---------- INFORMATION PROVIDED ----------

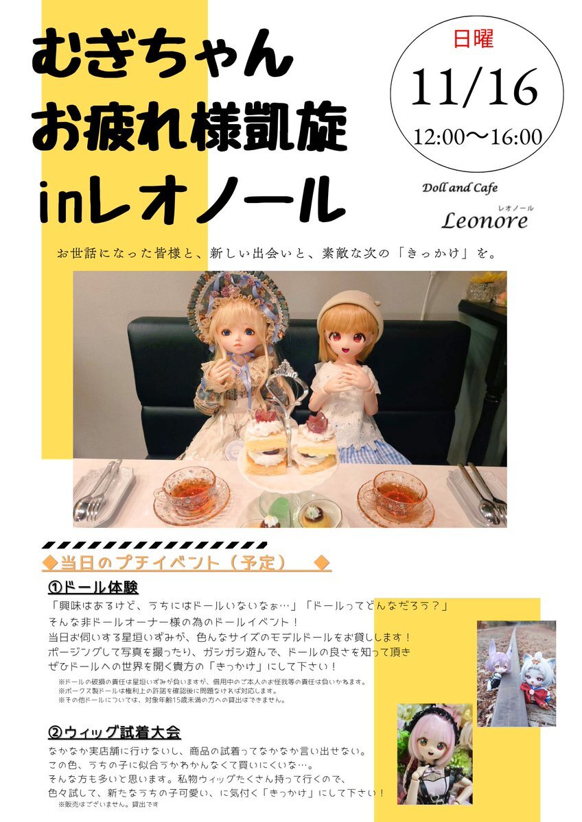 🫖岡山ドールカフェ🍃 🍁 #レオノール 🍁 11/16(日)むぎちゃん凱旋帰省だよぉ😆 皆さんのご来店お待ちしてます😄 #ドールカフェ #推し活カフェ @AndLeonore99306 x.com/hoshigaki_izum…
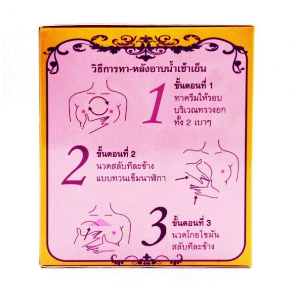 Способ применения: на чистую сухую кожу груди нанести небольшое количество крема. Кончиками пальцев обеих рук нежно втирайте крем в кожу от основания груди к её внутренней стороне, далее, к вершине круговыми движениями, а затем от основания груди к её верхней части. Массаж продолжать в течение 5-10 минут до максимального впитывания крема. Остатки крема смывать не рекомендуется.
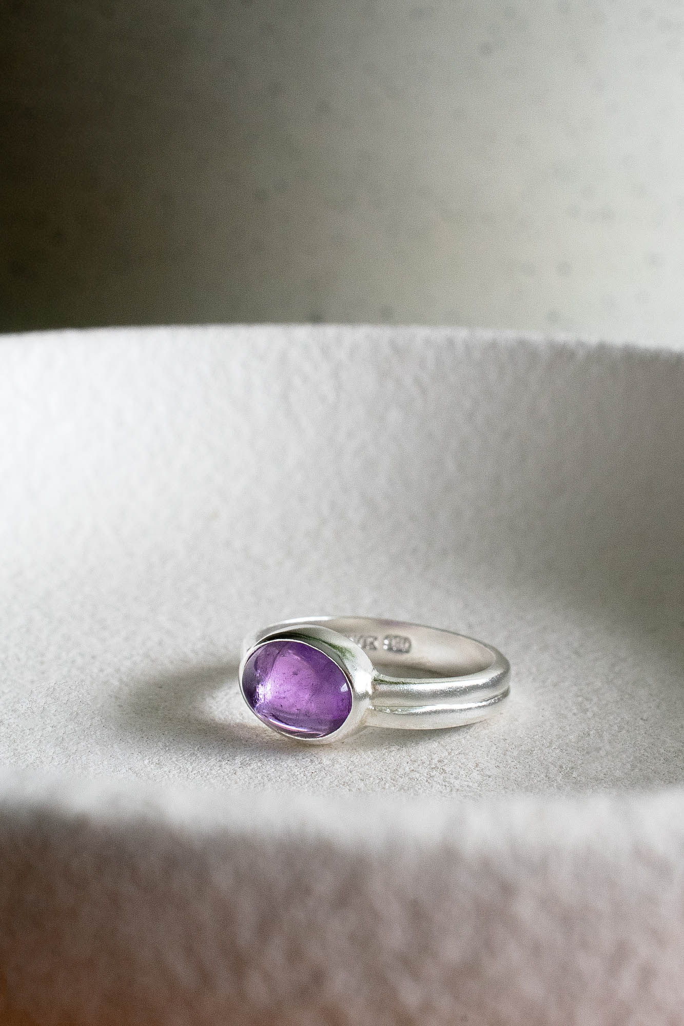 El anillo Cyd combina la pureza de la plata con la energía mística de la amatista ovalada, creando una pieza que irradia calma y equilibrio. Su brillo violeta inspira introspección, serenidad y conexión con la sabiduría interior.
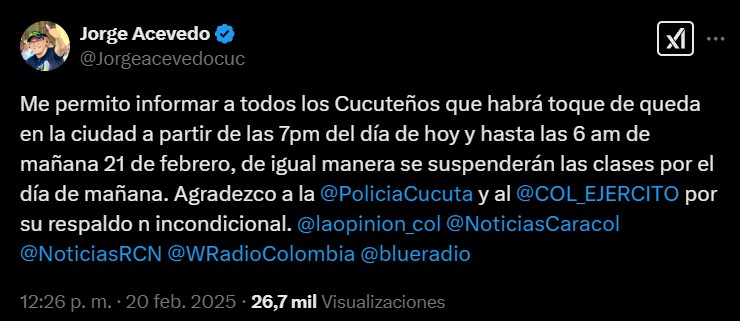 El alcalde de Cúcuta, Jorge Acevedo usó su cuenta de X (antes Twitter) para dar a conocer el toque de queda que se hará efectivo desde las 7:00 p.m. del día de hoy hasta las 6:00 a.m. del día de mañana, 21 de febrero.

----------

YOUR OBJECTIVE — Output the lines above in full and exactly as given, omitting any pictures.

RESPONSE AREA —
 🫖岡山ドールカフェ🍃 🍁 #レオノール 🍁 11/16(日)むぎちゃん凱旋帰省だよぉ😆 皆さんのご来店お待ちしてます😄 #ドールカフェ #推し活カフェ @AndLeonore99306 x.com/hoshigaki_izum…
 Способ применения: на чистую сухую кожу груди нанести небольшое количество крема. Кончиками пальцев обеих рук нежно втирайте крем в кожу от основания груди к её внутренней стороне, далее, к вершине круговыми движениями, а затем от основания груди к её верхней части. Массаж продолжать в течение 5-10 минут до максимального впитывания крема. Остатки крема смывать не рекомендуется.
 El anillo Cyd combina la pureza de la plata con la energía mística de la amatista ovalada, creando una pieza que irradia calma y equilibrio. Su brillo violeta inspira introspección, serenidad y conexión con la sabiduría interior.
 El alcalde de Cúcuta, Jorge Acevedo usó su cuenta de X (antes Twitter) para dar a conocer el toque de queda que se hará efectivo desde las 7:00 p.m. del día de hoy hasta las 6:00 a.m. del día de mañana, 21 de febrero.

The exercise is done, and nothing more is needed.